### What the exercise asks
With the pictures omitted, repeat exactly the lines below starting with the line that has "2024-жылдын октябрынан тартып" and going on through the line that has "62) – Альварес, Грізманн.".

### Supplied records
· · · ·

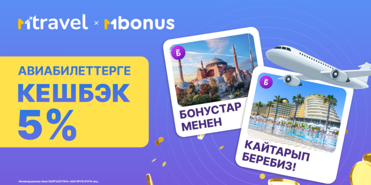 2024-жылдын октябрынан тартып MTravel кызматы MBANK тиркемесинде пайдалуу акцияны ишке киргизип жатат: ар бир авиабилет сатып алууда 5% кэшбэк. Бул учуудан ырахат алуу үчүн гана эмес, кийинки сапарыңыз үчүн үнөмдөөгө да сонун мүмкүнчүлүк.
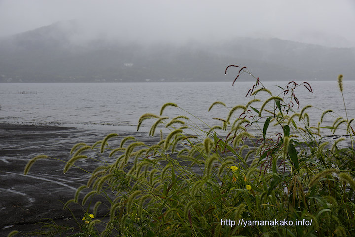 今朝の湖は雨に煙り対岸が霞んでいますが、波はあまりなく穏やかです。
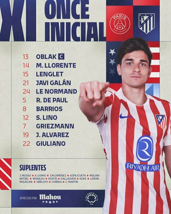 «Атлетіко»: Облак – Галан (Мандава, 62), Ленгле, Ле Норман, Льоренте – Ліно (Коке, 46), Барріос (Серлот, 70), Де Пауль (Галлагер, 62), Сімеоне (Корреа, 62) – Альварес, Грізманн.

· · · ·

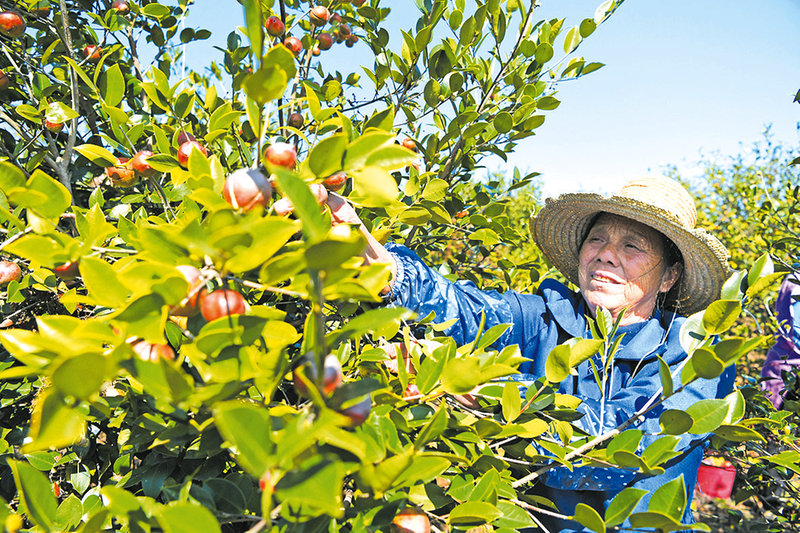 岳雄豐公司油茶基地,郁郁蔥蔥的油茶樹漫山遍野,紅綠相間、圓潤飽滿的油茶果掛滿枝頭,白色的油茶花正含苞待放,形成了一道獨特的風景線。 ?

· · · ·

### Answer for the task
 2024-жылдын октябрынан тартып MTravel кызматы MBANK тиркемесинде пайдалуу акцияны ишке киргизип жатат: ар бир авиабилет сатып алууда 5% кэшбэк. Бул учуудан ырахат алуу үчүн гана эмес, кийинки сапарыңыз үчүн үнөмдөөгө да сонун мүмкүнчүлүк.
 今朝の湖は雨に煙り対岸が霞んでいますが、波はあまりなく穏やかです。
 «Атлетіко»: Облак – Галан (Мандава, 62), Ленгле, Ле Норман, Льоренте – Ліно (Коке, 46), Барріос (Серлот, 70), Де Пауль (Галлагер, 62), Сімеоне (Корреа, 62) – Альварес, Грізманн.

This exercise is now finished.